Task prompt: Copy exactly and only the lines running from the one that contains "Những hành vi" to the final line of the data below, without the pictures.

Collected data:

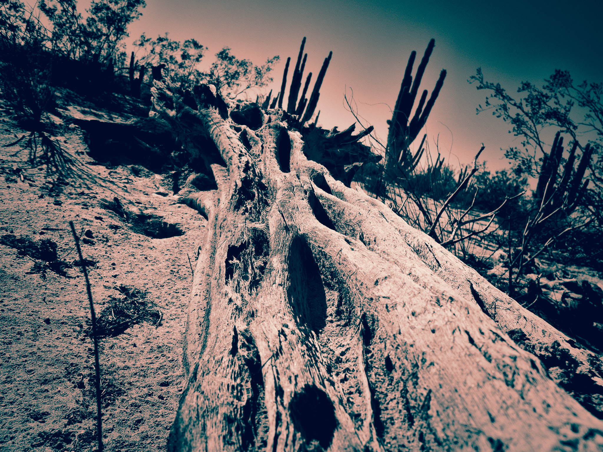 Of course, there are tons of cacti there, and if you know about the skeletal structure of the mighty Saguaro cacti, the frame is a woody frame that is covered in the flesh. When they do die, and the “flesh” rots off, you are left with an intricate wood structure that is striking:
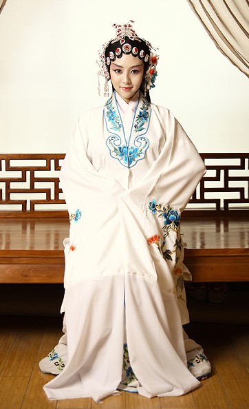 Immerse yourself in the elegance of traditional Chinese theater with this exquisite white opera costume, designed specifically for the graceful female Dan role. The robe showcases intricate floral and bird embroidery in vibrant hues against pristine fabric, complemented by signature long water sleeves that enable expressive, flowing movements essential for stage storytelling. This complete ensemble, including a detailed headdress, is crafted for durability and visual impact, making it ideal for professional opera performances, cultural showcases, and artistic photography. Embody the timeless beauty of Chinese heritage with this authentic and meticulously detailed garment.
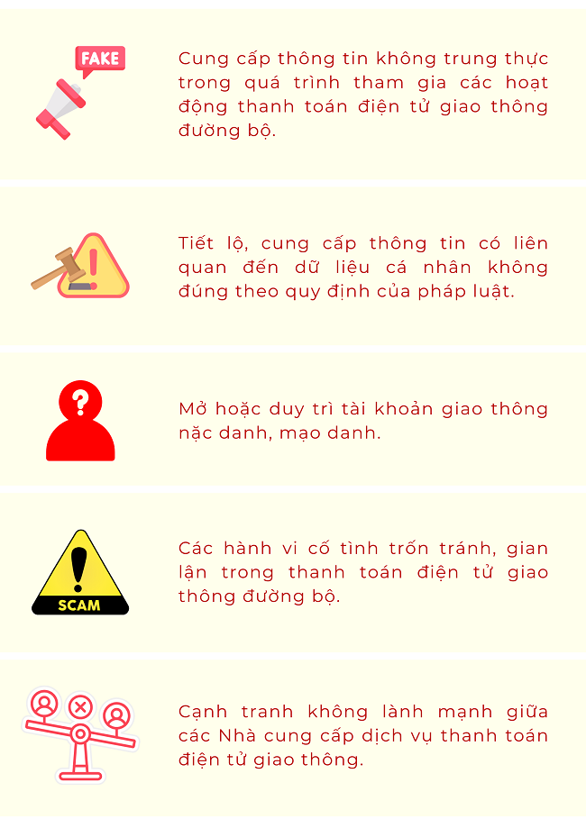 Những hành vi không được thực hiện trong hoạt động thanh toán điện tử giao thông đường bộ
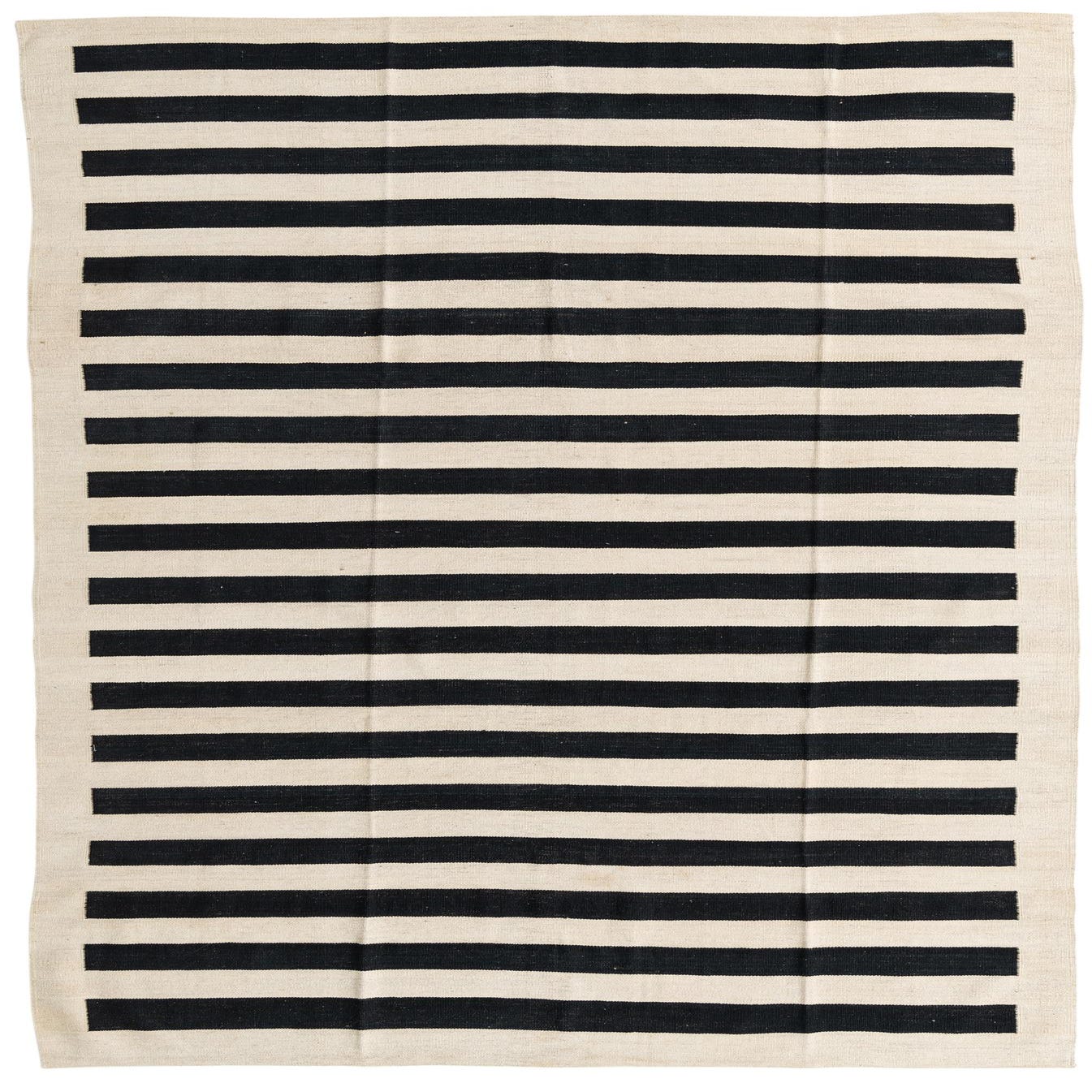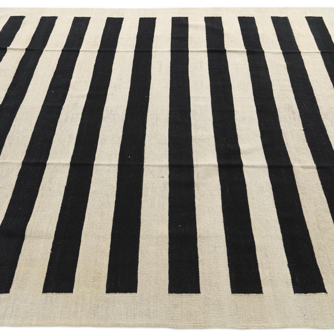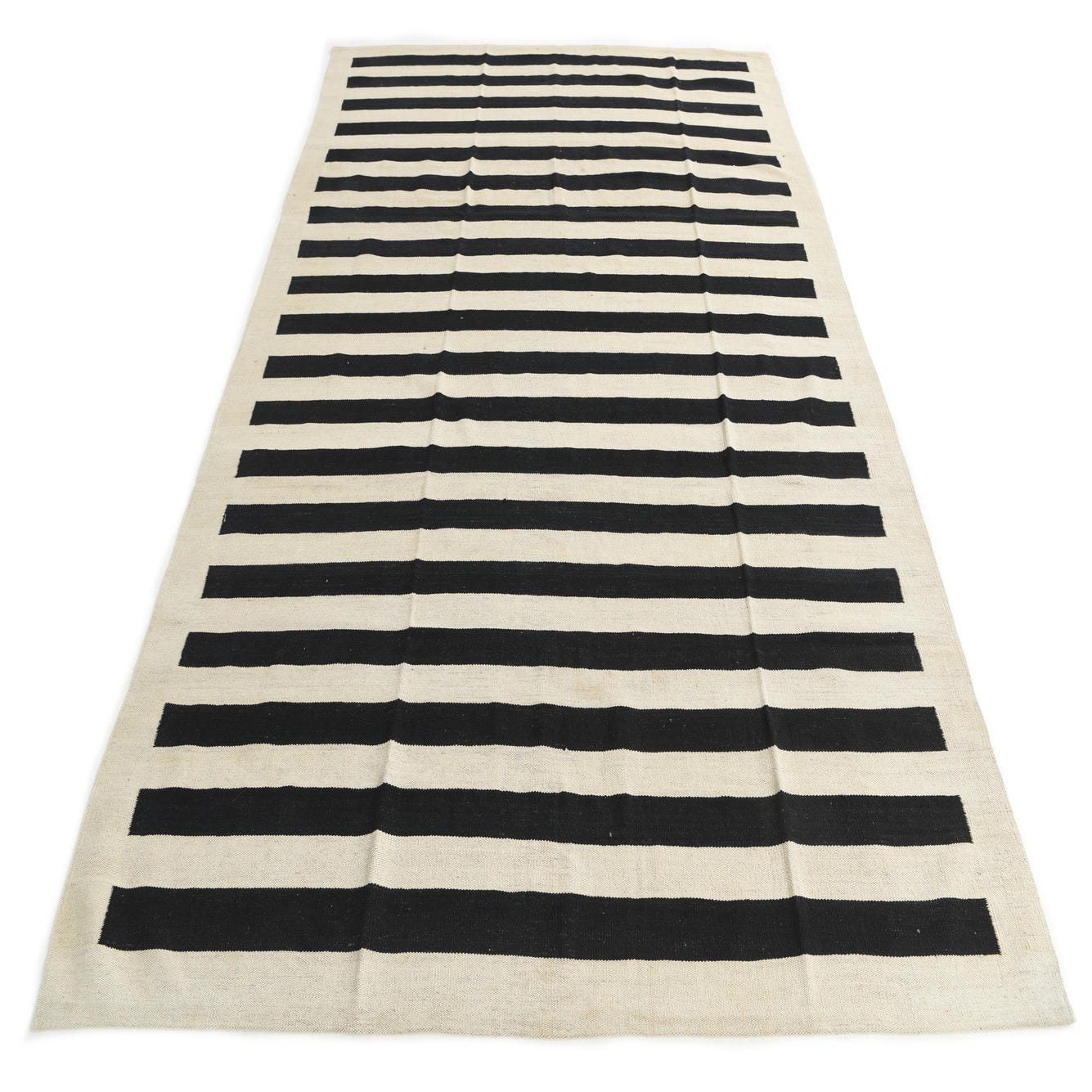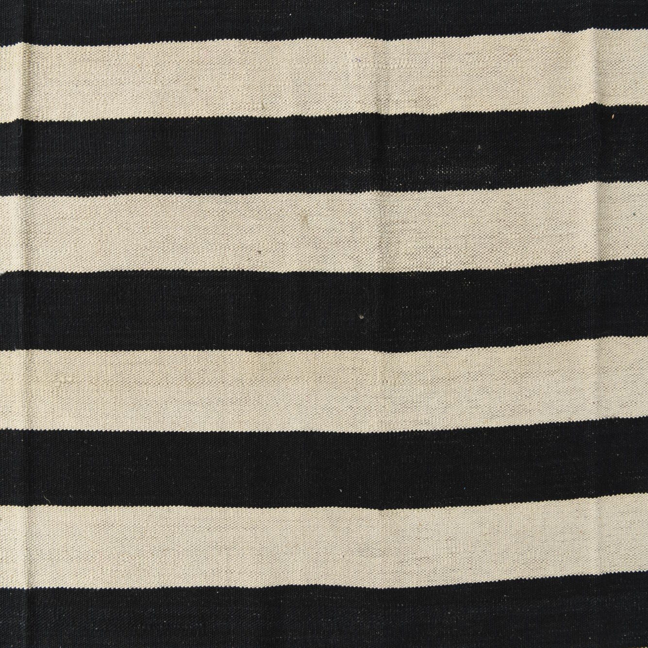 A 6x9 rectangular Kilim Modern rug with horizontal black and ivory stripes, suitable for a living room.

Written answer:
 Những hành vi không được thực hiện trong hoạt động thanh toán điện tử giao thông đường bộ
 A 6x9 rectangular Kilim Modern rug with horizontal black and ivory stripes, suitable for a living room.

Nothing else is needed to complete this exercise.